Falei com um dos designers de jogos, o Lucas Fernandes Thiers da Double Dash Studios. Ele estava estava apresentando o jogo “Sky Racket”, contemplado por um edital da ANCINE auto-definido como uma insana mistura de ‘Block Breaker’ com ‘Shoot’em up’ em um universo colorido e sem sentido. Atuante na indústria desde 2010, Lucas dá duas dicas para quem pretende começar. “A primeira é começar fazendo desde já, se você é artista, começa a desenhar cada vez mais, se você é programador começa a programar jogo e por aí vai. Pega e faz, não fica só estudando, porque você vai pegar muito mais prática fazendo e principalmente você vai ter algo pra mostrar. O segundo ponto é a comunicação, faz contato com quem você conhece que já está trabalhando, procure as empresas, mostre o que você está fazendo e peça dicas e feedbacks do pessoal mais experiente para você melhorar. É isso que vai fazer você melhorar, fazer e ouvir”.


*Na foto: Jandê Saavedra

Outro fato interessante dos jogos é a linguagem retrô, cuja tendência influencia também a moda, artes visuais e até a música. Essa fita é explicada por Jandê Saavedra, designer gráfico do Sky Racket. “Da mesma forma que ninguém parou de pintar quando inventaram a fotografia, a gente não vai parar de fazer pixel-art porque existe o 3D mais realista. O pixel-art é uma escolha estética que é muito agradável para quem viveu aquilo, nintendinho, master system e etc, mas também porque é um visual quadradinho que sempre teve muito preso a essa idéia do videogame”.

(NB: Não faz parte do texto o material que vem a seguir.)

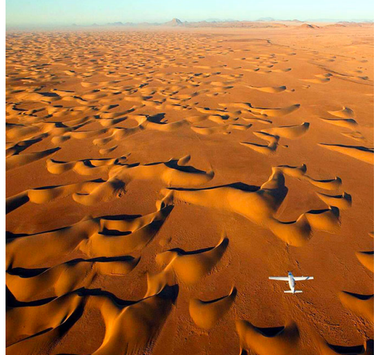
Day 7: Friday Nov 15 Etosha National Park

A full day Game Safari in 4x4 vehicle going into the Etosha Game reserve with a packed Lunch.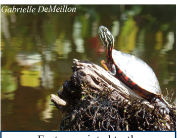
Eastern painted turtle ( Chrysemys picta picta )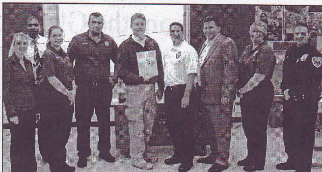
Participants from the Glen Cove Police Department were trained in PACT360, making them the first police department on Long Island to be so.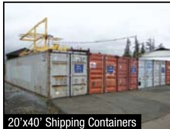
20'x40' Shipping Containers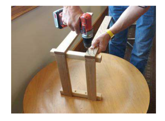
23. Prop up the pre-assembled portion and attach the two long horizontal pieces. Make sure the countersunk holes on the wall mounting bracket face inward.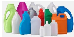
HDPE #2 Color Plastic Containers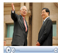
President Hu Jintao continues Asian tour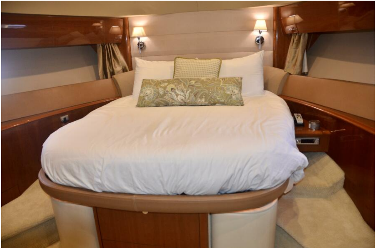
Princess 67 Flybridge Hoker-VIP Cabin 2006 67 Princess Flybridge Hoker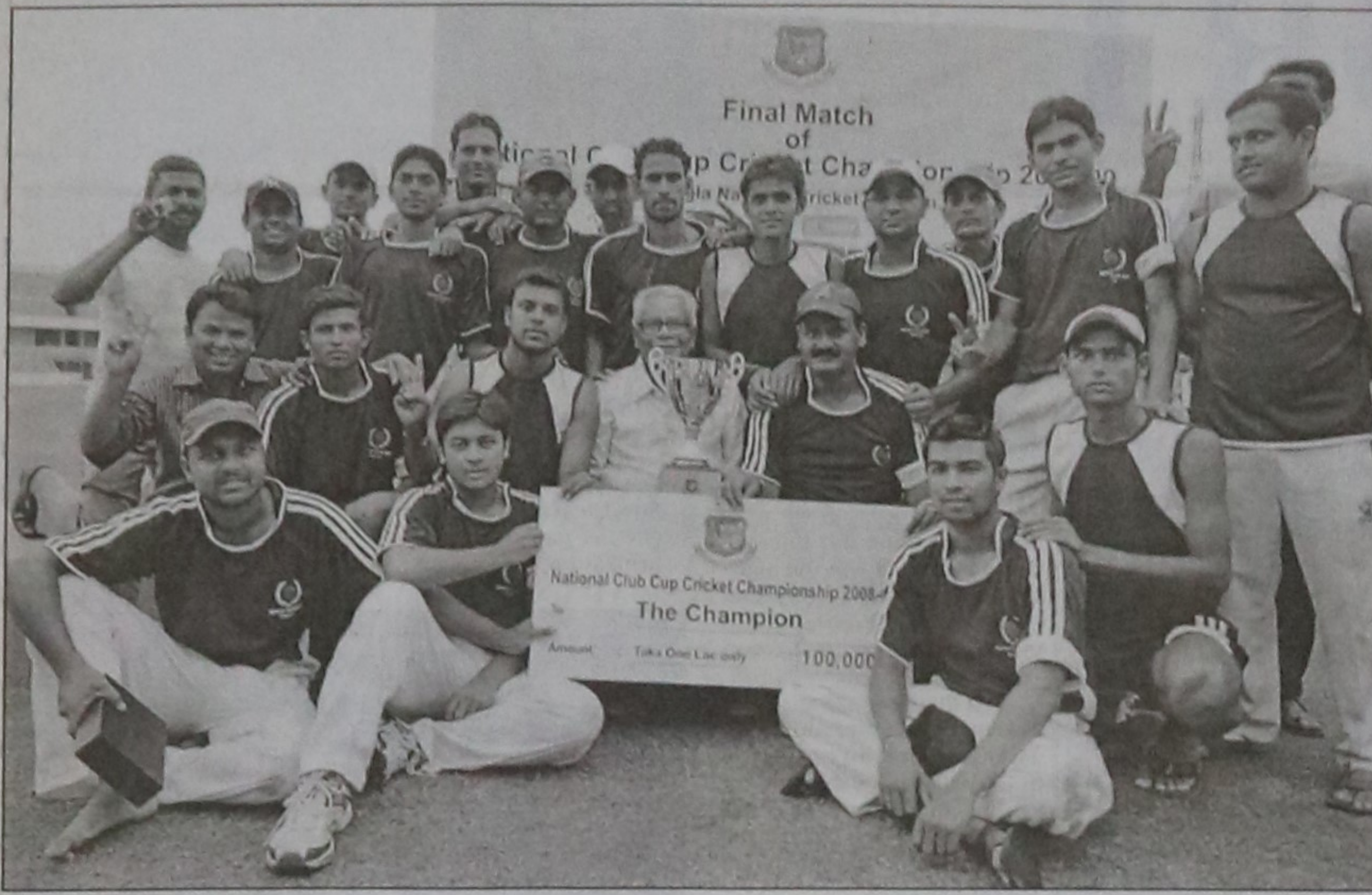
Players and officials of National Cricket Club of Nilphamari pose with the National Club Cup trophy at the Sher-e-Bangla National Stadium in Mirpur yesterday.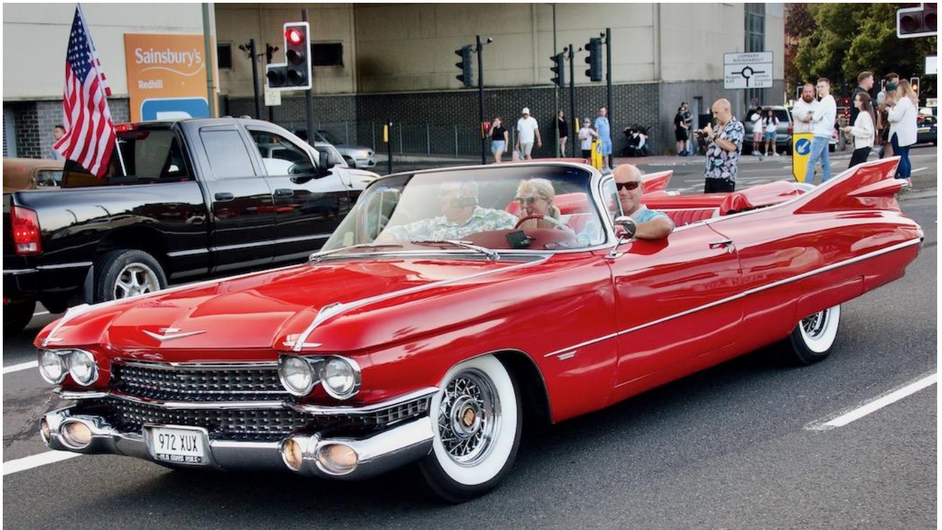
Ian Hunt provided this shot of a gorgeous '59 Caddy during the 2024 Redhill Cruise

Pra concluir, Jandê finaliza dizendo o porque é gostoso trabalhar com os pixels. “Hoje em dia não temos mais as limitações tecnológicas dos desenvolvedores de antigamente então podemos passar por cima, tendo muito mais cores e objetos na tela ao mesmo tempo. Uma comparação interessante de se fazer é com o jogo do Stranger Things, que não é exatamente os anos 80 como eles eram, é um anos 80 imaginário que tá na nossa memória”.

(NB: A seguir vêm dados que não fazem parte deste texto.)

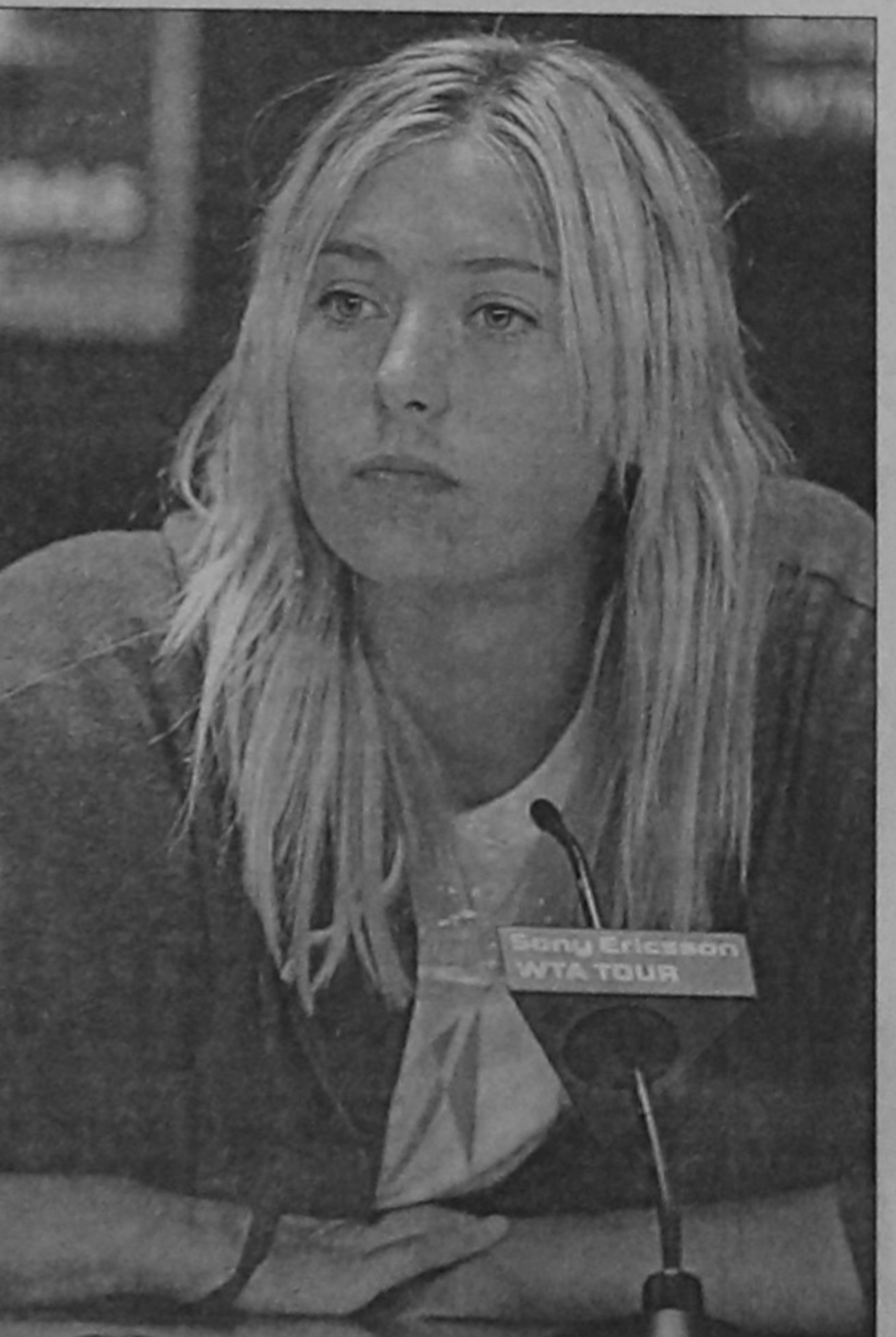
Russian star Maria Sharapova addresses a press conference during the BNP Paribas Open at the Indian Wells Tennis Garden on Thursday.

And Hamburg host Energie Cottbus desperate to get back into the title race after last week's upset by Moenchengladbach.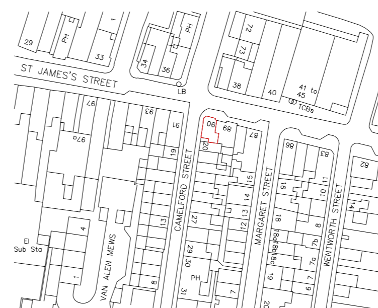
Location plan (Ground Level) 1:1250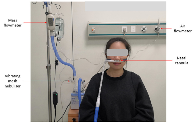
Figure 2 Device set up.

A calibrated back pressure compensated air flowmeter will be attached via T-piece adapter with VMN at the inlet (dry side) of a heated humidifier (MR 850, Fisher & Paykel, Auckland, New Zealand). A single limb heated wire circuit will be attached to an adult HFNC (Optiflow, Fisher & Paykel, Auckland, New Zealand), with prong size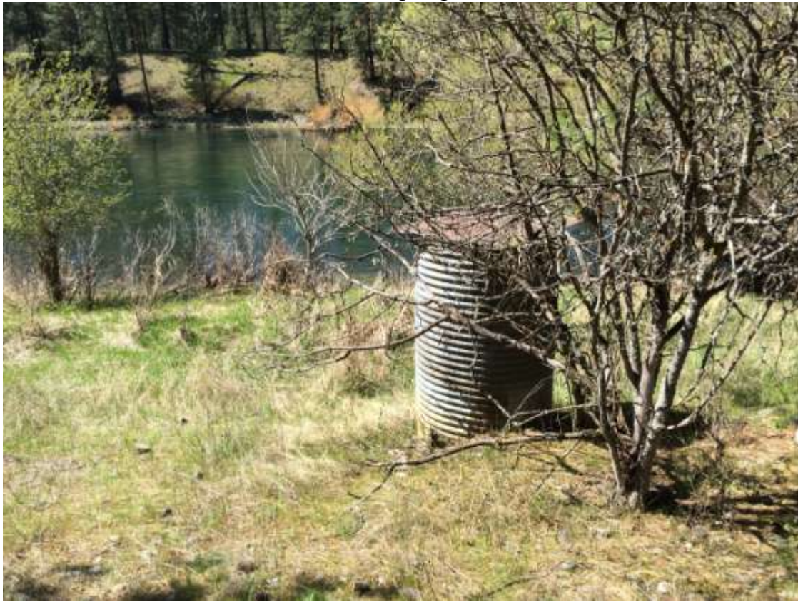
Location of Existing Gage below Nine Mile Dam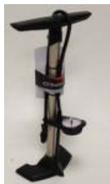
High pressure pump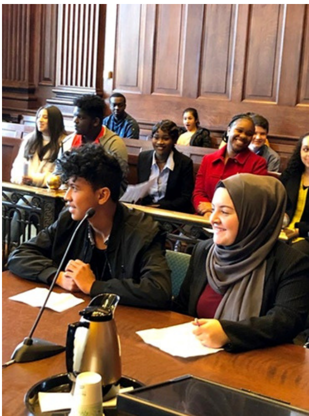
10th graders at Blackstone Academy Charter School in Pawtucket, RI, use the federal court house in Providence to conduct a mock trial. Judges working at the court house volunteered to preside over the trial.

Em seus quatro dias de evento a Game XP ocupou uma área de 160 mil metros quadrados e recebeu mais de 95 mil visitantes. O sucesso do evento consolida um mercado em que o Brasil cresce, onde um jovem dentro do quarto consegue num streaming mais audiência que os maiores canais de televisão. Público satisfeito, organizadores satisfeitos e uma mensagem encerra o evento: a partida está apenas começando, aguardamos as próximas fases.